Tutorial Outline and Description
The tutorial will consist of two parts: foundations including motivation, definitions, models, algorithms, tools, and evaluation for explainability in AI/ML systems (1.5 hours) and case studies across different companies, spanning application domains such as search & recommendation systems, sales, lending, and fraud detection (1.5 to 2 hours).
- Need for Transparency and Explainability in AI
- Model Validation: Validation metrics, such as classification accuracy, are an incomplete description of most real-world tasks.
- Scientific Consistency (beyond statistical consistency)
- Feature Importance
- Model Internals
- Explaining by Examples
- Intrinsic Interpretable Models
- Explaining Model Behavior Globally. A global surrogate model is an interpretable model that is trained to approximate the predictions of a black box model.
- Explaining Model Behavior Locally. Local surrogate models are interpretable models that are used to explain individual predictions of black box machine learning models.
- Example-based explanation methods select particular instances of the dataset to explain the behavior of machine learning models or to explain the underlying data distribution.
- Explaining Model Differences
Explainability By Design
- Designing explainable models for prediction.
- LIME and its variants such as xLIME
- Feature Importance (Random Forest)
Evaluation of Explainability
- Coverage / Representativeness
- Human friendliness (concepts easier for humans to understand)
Case Studies (including practical challenges and lessons learned during deployment in industry)
We will present case studies across different companies, spanning application domains such as search & recommendation systems, sales, lending, and fraud detection.
This tutorial is aimed at attendees with a wide range of interests and backgrounds, including researchers interested in knowing about model interpretability and explainability in AI, key regulations / laws, and explainability notions / techniques as well as practitioners interested in implementing explainable models for web-scale machine learning and data mining applications. We will not assume any prerequisite knowledge, and present the intuition underlying various explainability notions and techniques to ensure that the material is accessible to all KDD attendees.
Related Tutorials / References
Krishna Gade is the founder and CEO of Fiddler Labs, an enterprise startup building an explainable AI engine to address problems regarding bias, fairness, and transparency in AI. An entrepreneur and engineering leader with a strong technical experience of creating scalable platforms and delightful consumer products, Krishna previously held senior engineering leadership roles at Facebook, Pinterest, Twitter, and Microsoft. He has given several invited talks at prominent practitioner forums, including a talk on addressing bias, fairness, and transparency in AI at Strata Data Conference, 2019.

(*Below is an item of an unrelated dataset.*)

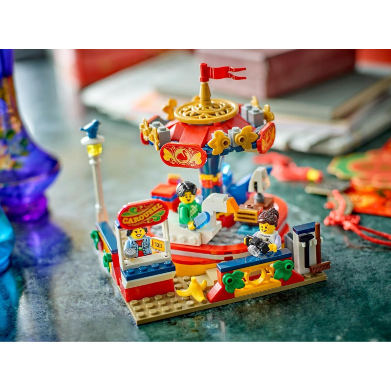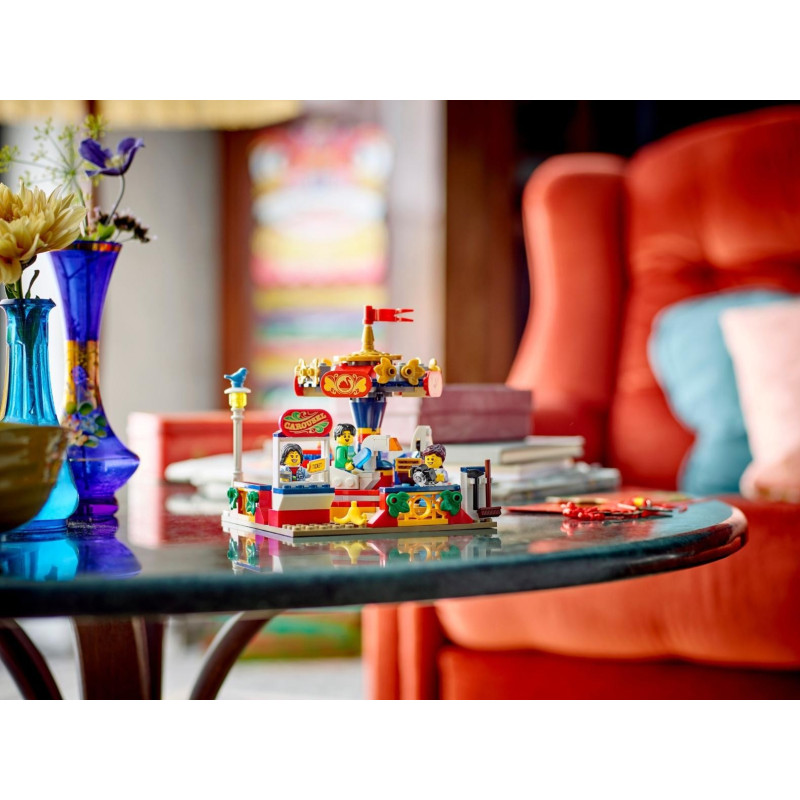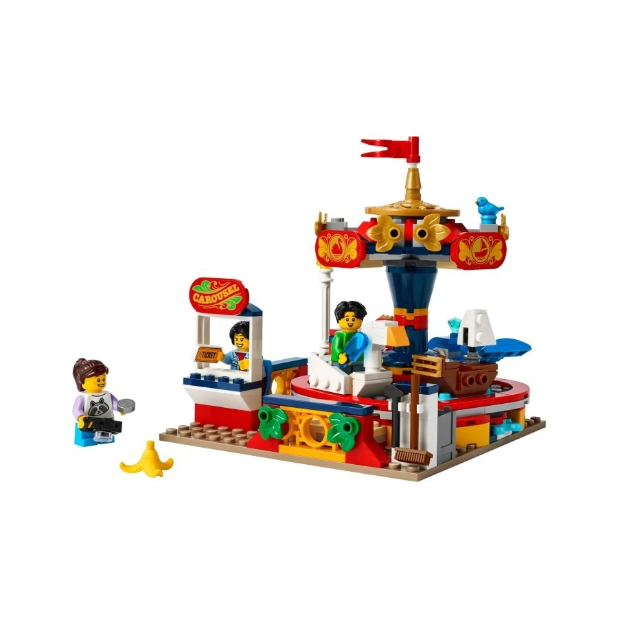 • 3 minifigurky – Prodavačka lístků, chlapec se zmrzlinou a dívka s fotoaparátem, kteří se mohou vozit v kabinkách kolotoče

Sahin Cem Geyik has been part of the Careers/Talent AI teams at LinkedIn over the past three years, focusing on personalized and fairness-aware recommendations across several LinkedIn Talent Solutions products. Prior to LinkedIn, he was a research scientist at Turn Inc., an online advertising startup which was later acquired by Amobee, a subsidiary of Singtel. He received his Ph.D. degree in Computer Science from Rensselaer Polytechnic Institute in 2012, and his Bachelor degree in Computer Engineering in 2007 at Bogazici University, Istanbul/Turkey. Sahin worked on various research topics in ML spanning over Online Advertising Models and Algorithms, Recommender and Search Systems, Fairness-aware ML, and Explainability. He also has performed extensive research in Systems domain, which resulted in multiple publications in Ad-hoc/Sensor Networks and Service-Oriented Architecture fields. Sahin has authored papers in several top-tier conferences and journals such as KDD, WWW, INFOCOM, SIGIR, ICDM, CIKM, IEEE TMC, IEEE TSC, and presented his work in multiple external venues.

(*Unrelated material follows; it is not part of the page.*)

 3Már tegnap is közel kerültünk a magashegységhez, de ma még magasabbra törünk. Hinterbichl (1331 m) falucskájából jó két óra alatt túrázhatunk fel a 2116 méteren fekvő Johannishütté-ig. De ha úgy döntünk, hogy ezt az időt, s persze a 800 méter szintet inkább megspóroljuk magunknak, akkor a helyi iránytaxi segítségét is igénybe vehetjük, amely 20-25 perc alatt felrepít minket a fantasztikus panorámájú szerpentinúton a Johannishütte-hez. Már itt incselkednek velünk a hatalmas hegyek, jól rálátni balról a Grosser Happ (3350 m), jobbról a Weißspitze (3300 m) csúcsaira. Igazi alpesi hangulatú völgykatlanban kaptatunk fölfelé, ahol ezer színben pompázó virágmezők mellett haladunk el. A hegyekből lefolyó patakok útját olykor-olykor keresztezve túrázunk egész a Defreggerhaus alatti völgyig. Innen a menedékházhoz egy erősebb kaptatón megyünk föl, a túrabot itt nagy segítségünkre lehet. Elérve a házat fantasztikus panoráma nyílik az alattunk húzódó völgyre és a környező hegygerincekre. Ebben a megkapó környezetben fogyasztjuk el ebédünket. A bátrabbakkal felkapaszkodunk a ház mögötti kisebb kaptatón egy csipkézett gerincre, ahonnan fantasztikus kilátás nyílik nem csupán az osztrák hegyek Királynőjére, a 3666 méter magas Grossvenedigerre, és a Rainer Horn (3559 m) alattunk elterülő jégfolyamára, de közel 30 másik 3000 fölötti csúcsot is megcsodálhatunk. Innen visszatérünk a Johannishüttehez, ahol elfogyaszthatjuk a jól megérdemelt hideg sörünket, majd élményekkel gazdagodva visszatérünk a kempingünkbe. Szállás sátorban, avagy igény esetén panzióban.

Krishnaram Kenthapadi is part of the AI team at LinkedIn, where he leads the fairness, transparency, explainability, and privacy modeling efforts across different LinkedIn applications. He also serves as LinkedIn's representative in Microsoft's AI and Ethics in Engineering and Research (AETHER) Committee. He shaped the technical roadmap and led the privacy/modeling efforts for LinkedIn Salary product, and prior to that, served as the relevance lead for the LinkedIn Careers and Talent Solutions Relevance team, which powers search/recommendation products at the intersection of members, recruiters, and career opportunities. Previously, he was a Researcher at Microsoft Research Silicon Valley, where his work resulted in product impact (and Gold Star / Technology Transfer awards), and several publications/patents. Krishnaram received his Ph.D. in Computer Science from Stanford University in 2006, and his Bachelors in Computer Science from IIT Madras. He serves regularly on the program committees of KDD, WWW, WSDM, and related conferences, and co-chaired the 2014 ACM Symposium on Computing for Development. He received the CIKM best case studies paper award, the SODA best student paper award, and the WWW best paper award nomination. He has published 35+ papers, with 2500+ citations and filed 130+ patents. He has taught tutorials and presented lectures on privacy & fairness in industry at forums such as KDD 2018 and WSDM 2019, instructed a course on artificial intelligence at Stanford, and given several talks on his research work.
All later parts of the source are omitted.